> **TASK OBJECTIVE**
Reproduce the listing below as it stands. Leave out each image.

> **SUPPLIED MATERIAL**
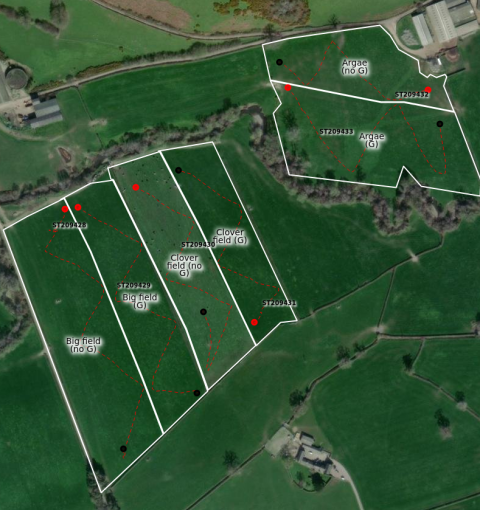 Figure 1 - Three fields split in half to create 6 plots. ‘G’ - Gypsum. ‘No G’ - control.
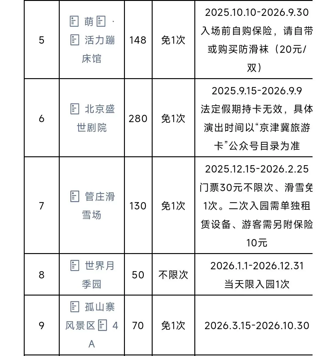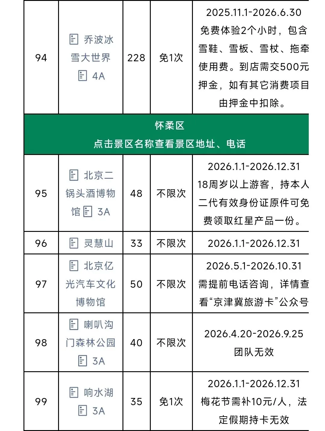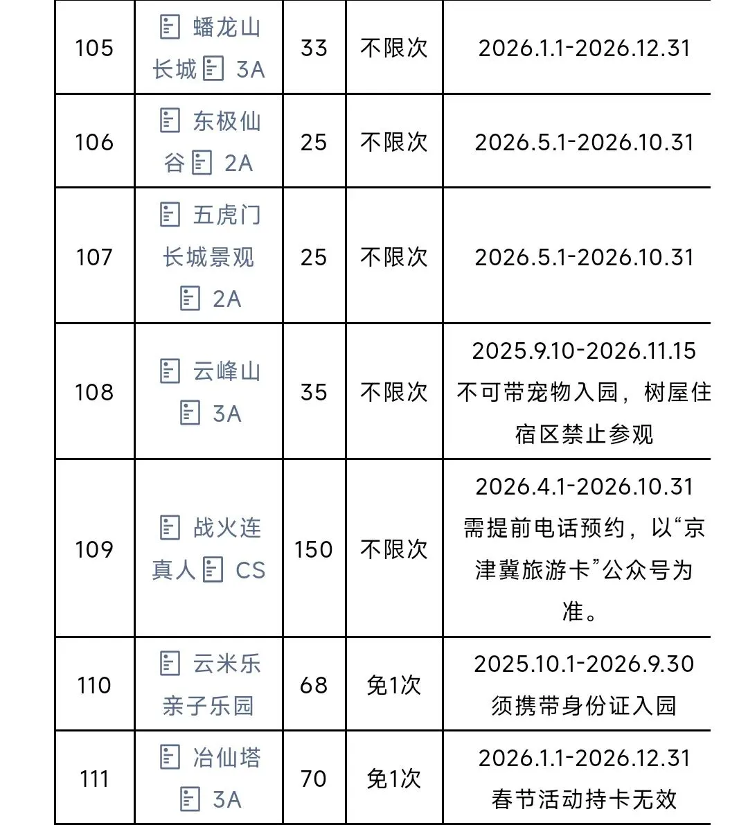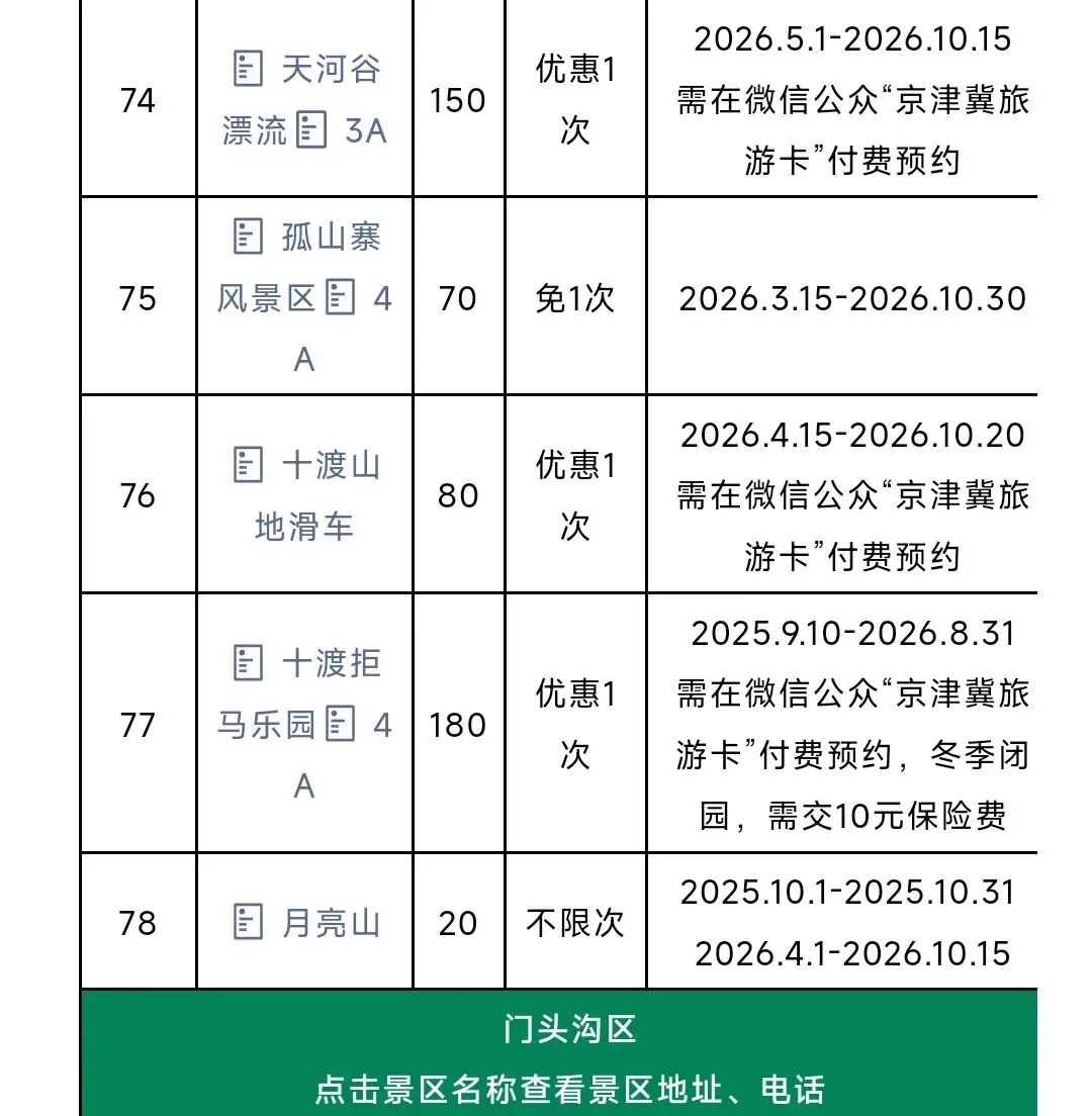 2026新版年票,京津冀旅游一卡通普通版景点目录,买一送一,99元到手2个,去一个就回本,简直太值了。
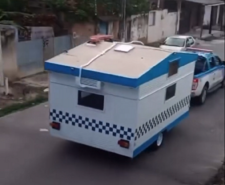 Um trailer da Polícia Militar (PM) foi encaminhado na tarde desta quinta-feira (8) ao bairro do Parque Prazeres, situado no subdistrito de Guarus, em Campos. Em um vídeo que circula pelas redes sociais, moradores registram o momento em que uma viatura do 8º BPM leva o trailer até um ponto do bairro.

> **SOLUTION**
 Figure 1 - Three fields split in half to create 6 plots. ‘G’ - Gypsum. ‘No G’ - control.
 2026新版年票,京津冀旅游一卡通普通版景点目录,买一送一,99元到手2个,去一个就回本,简直太值了。
 Um trailer da Polícia Militar (PM) foi encaminhado na tarde desta quinta-feira (8) ao bairro do Parque Prazeres, situado no subdistrito de Guarus, em Campos. Em um vídeo que circula pelas redes sociais, moradores registram o momento em que uma viatura do 8º BPM leva o trailer até um ponto do bairro.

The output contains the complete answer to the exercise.